US Set to Impose 100% Tariff on All Chinese Imports in Major Escalation
In a significant escalation of trade tensions, US President Donald Trump announced on 10 October, 2025, that a new additional tariff of 100% will be imposed on all goods imported from China, effective from 1 November.
Simultaneously, the administration revealed stringent new controls on the export of 'all critical US-made software' to China. The new tariff measure will be superimposed on existing import duties, a move the administration stated would raise the total tariff rate on Chinese goods to '130% or higher'.
Comprehensive Tariff Measures
The policy applies universally to all Chinese imports. The stated scope includes consumer electronics, machinery and equipment, textiles, toys, and agricultural products, covering nearly the entirety of the US-China trade relationship, which recorded a total volume of approximately $500 billion in 2024.
President Trump indicated that the 1 November effective date could be brought forward to 'late October' if China were to further escalate its own measures, specifically citing a potential 'complete embargo' on rare earth exports.
The new 100% tariff will be stacked atop existing base tariffs, including a 10% retaliatory tariff and a 20% tariff related to fentanyl precursors, resulting in the cited total rate exceeding 130%.
While no exemptions were mentioned in the announcement, the US Department of Commerce is anticipated to grant temporary exclusions for certain 'strategically essential goods'. The process for businesses to apply for relief is expected to be stringent.
Expanded Software Export Controls
In a parallel technological move, the US will implement strict controls on 'any and key software' exports to China.
The controlled items specifically include US-developed operating systems, AI algorithms, cloud computing tools, semiconductor design software from firms such as Cadence and Synopsys, and enterprise-level software including Oracle databases and Microsoft Azure services.
The control mechanism will be an export licensing system, effectively prohibiting unauthorised software exports to Chinese entities, particularly those on the US Entity List. Restrictions will also extend to software updates and service support, with potential for retroactive application to already-installed US software.
The Bureau of Industry and Security (BIS) will enact these controls effective 1 November by amending the Export Administration Regulations (EAR), a process that could lead to China's designation as a 'high-risk destination'.
Recent Chinese Rare Earth Measures
On 9 October, China's Ministry of Commerce issued notices strengthening export controls on rare earth-related items and technologies.
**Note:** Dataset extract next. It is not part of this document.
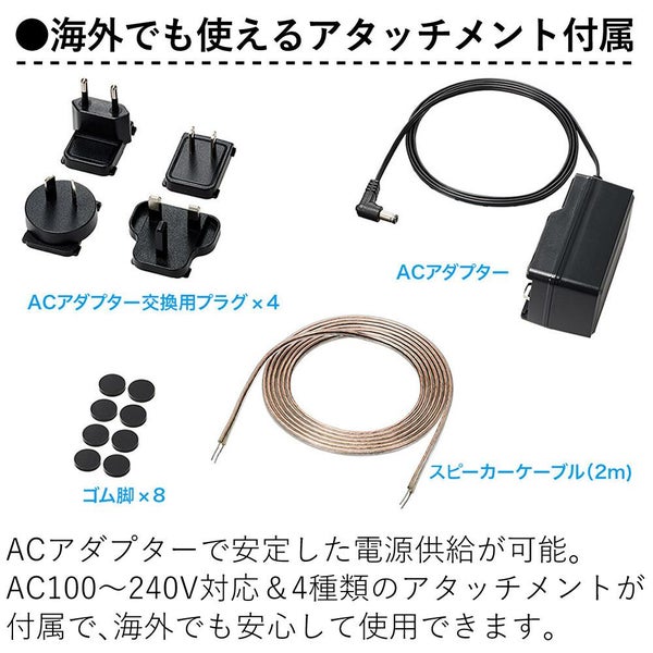 【付属品】ACアダプター、ACアダプター交換用プラグ×4、スピーカーケーブル(L/R接続用)、ゴム脚×8 |
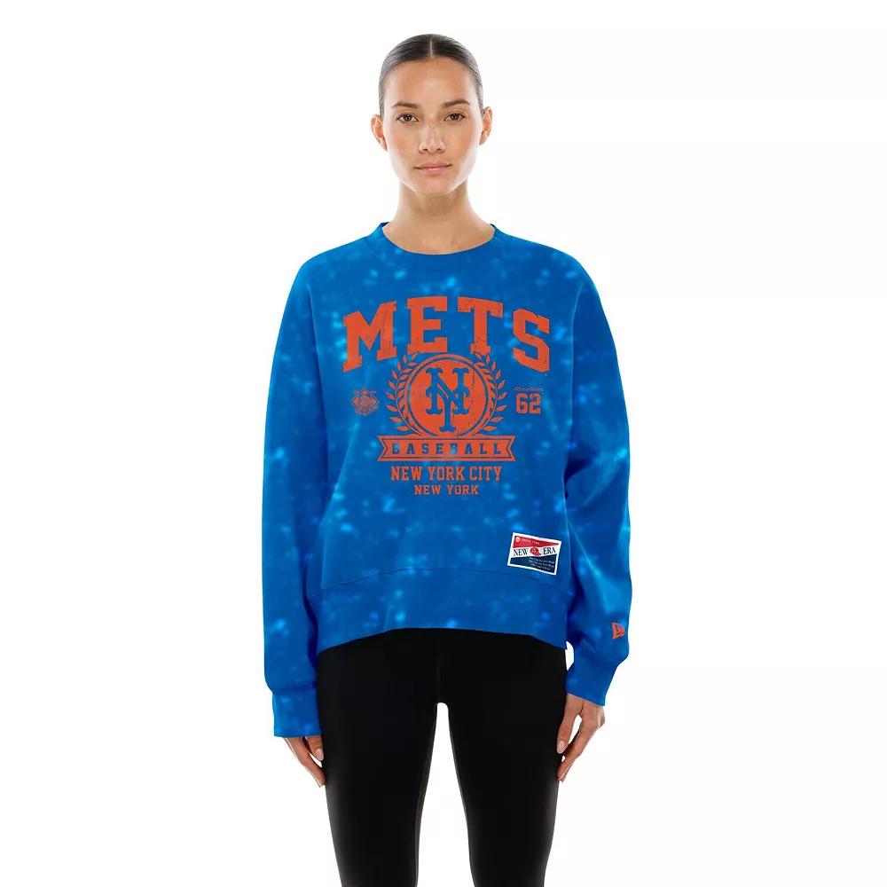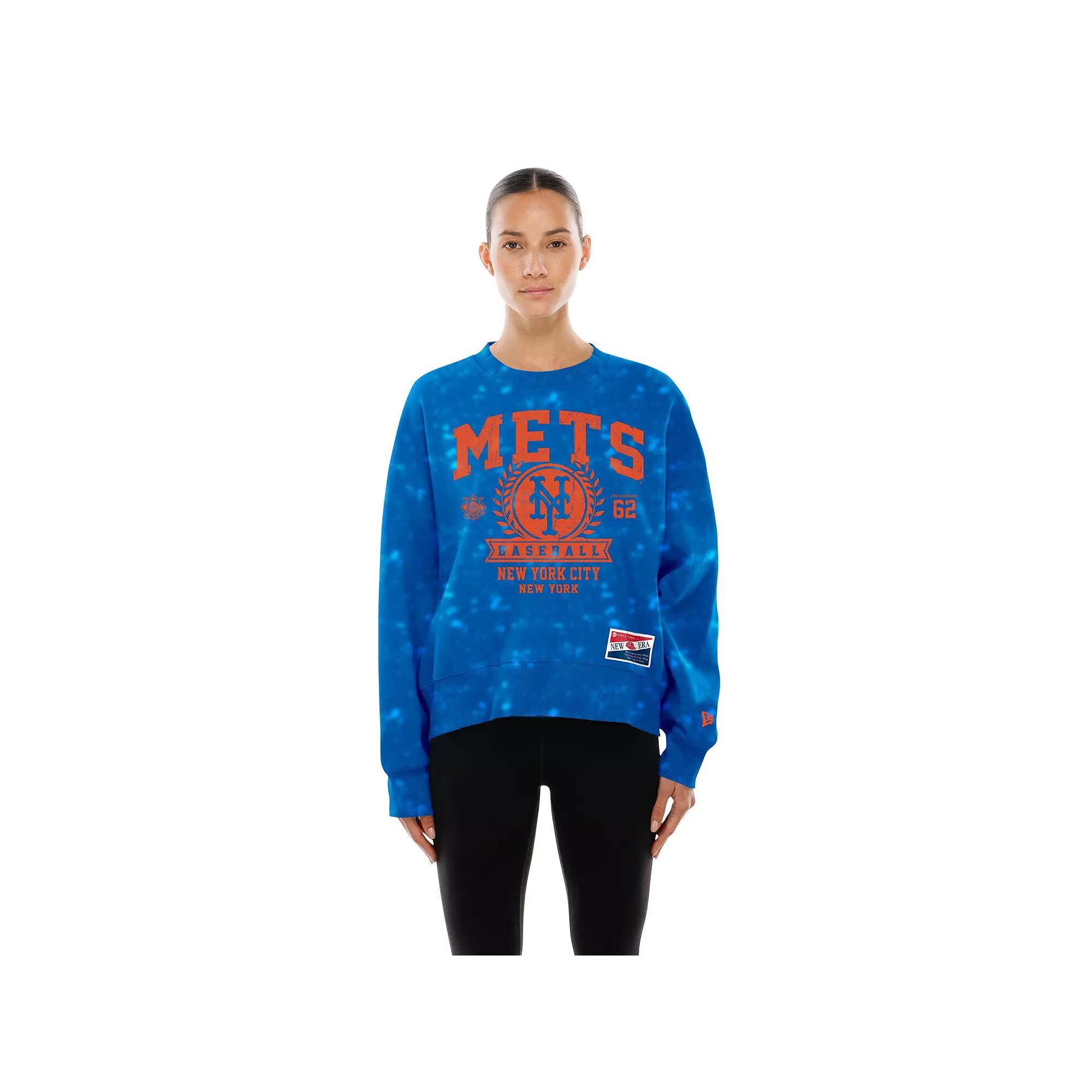Show your unwavering New York Mets pride with this Throwback Oversized Boxy Sweatshirt from New Era. The enzyme-washed fabric creates a vintage-inspired look, while the distressed screen print graphics evoke a sense of timeless team spirit. Blending cotton and polyester, this midweight sweatshirt with a soft fleece lining is ideal for moderate temperatures, making it the perfect way to stay cozy and stylish as you cheer on your team. Designed with large dropped shoulders, this piece ensures a comfortable, relaxed fit that allows you to represent the New York Mets with confidence and flair. Brand: New Era. Oversized fit with large dropped shoulders. Distressed screen print graphics for a vintage look. Material: 80% Cotton/20% Polyester - Body: 95% Cotton/5% Spandex - Rib. Pullover. Crew neck. Enzyme-washed fabric for a faded look. Imported. Midweight sweatshirt with a soft fleece lining suitable for moderate temperatures. Long sleeve. Officially licensed. Machine wash, tumble dry low. Size: XXL. Color: Blue. Gender: female. Age Group: adult.

The regulations impose controls on certain overseas rare earth items containing Chinese components and on related technologies. This requires foreign companies to obtain Chinese approval to export magnets containing Chinese rare earth elements or produced using Chinese technologies.
China holds a dominant position in the global rare earth sector, controlling approximately 70% of mining, 90% of separation and processing, and 93% of magnet manufacturing.
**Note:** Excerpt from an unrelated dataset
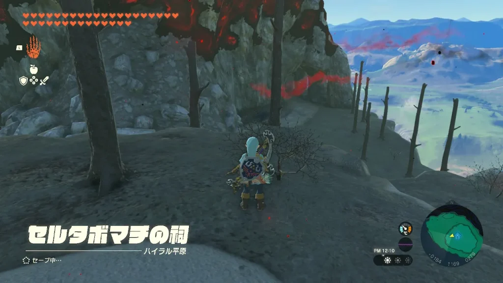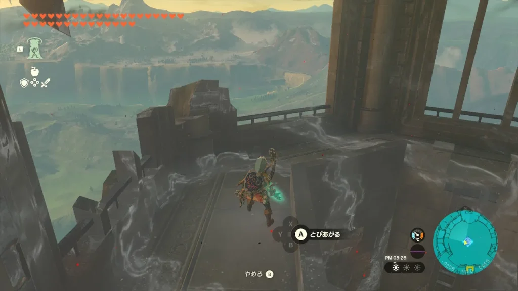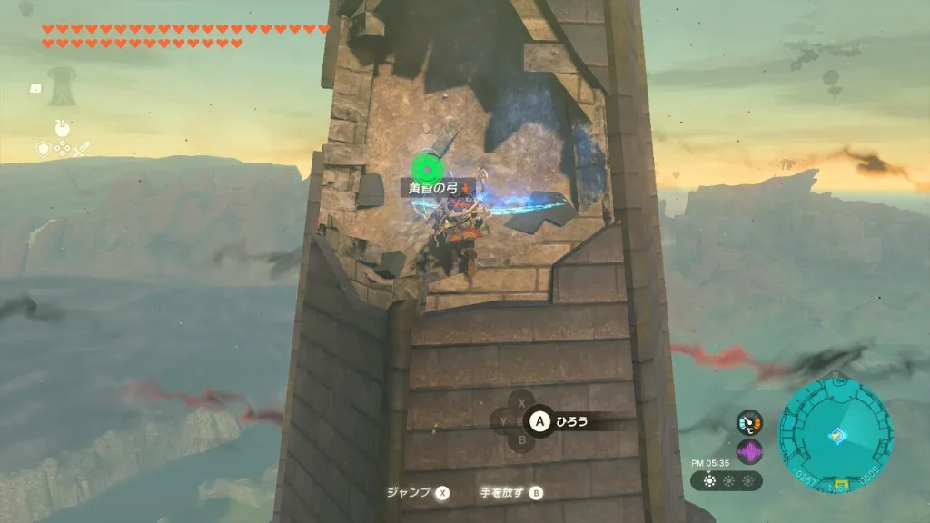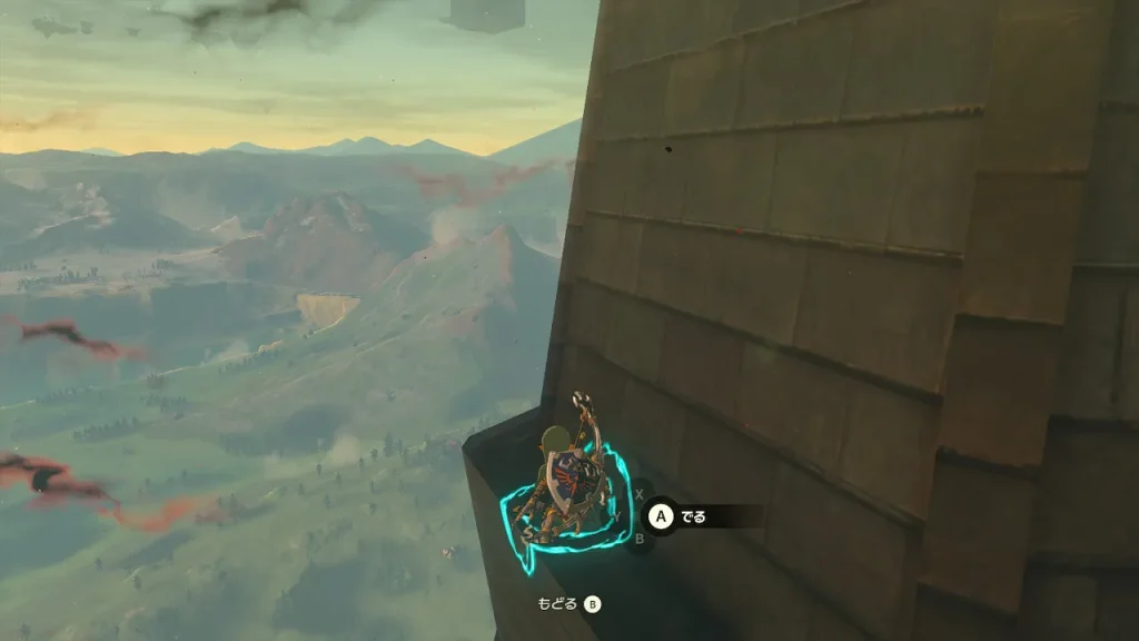 黄昏の弓の場所を背にして見下ろすと、ゼルダの研究室が見えます。

The Chinese rules have a broad reach, with some items subject to controls from 1st December, and others effective immediately. Furthermore, China stated it 'will not grant export licences in principle' for most military applications, while AI development with potential military uses will be 'reviewed on a case-by-case basis'.
US media and analysts have noted the vulnerability of semiconductor and AI supply chains. Joseph Hofer, Chief AI Officer at lobbying firm Monument Advocacy, commented: 'This is a genuine pain point for American AI companies,' highlighting challenges in bolstering domestic production.
Economic Analysis and Global Impact
Economic analysts suggest that from a certain threshold, further tariff hikes become counterproductive. There is a consensus within industry that once tariff rates climb into the 50% to 70% range, further increases lose practical economic significance. Excessively high duties typically result in costs being passed to domestic consumers, fuelling inflation, or forcing complex and costly realignments of global supply chains.
From an economic and trade perspective, Trump's aggressive tariff policy is inherently contradictory. America's unilateral trade protection measures not only violate World Trade Organisation rules but also render global supply chains 'more circuitous, complex and fragile'.
With the proposed implementation date of 1st November still ahead, significant uncertainty remains over the final form of these announced US policies and the subsequent response from international partners.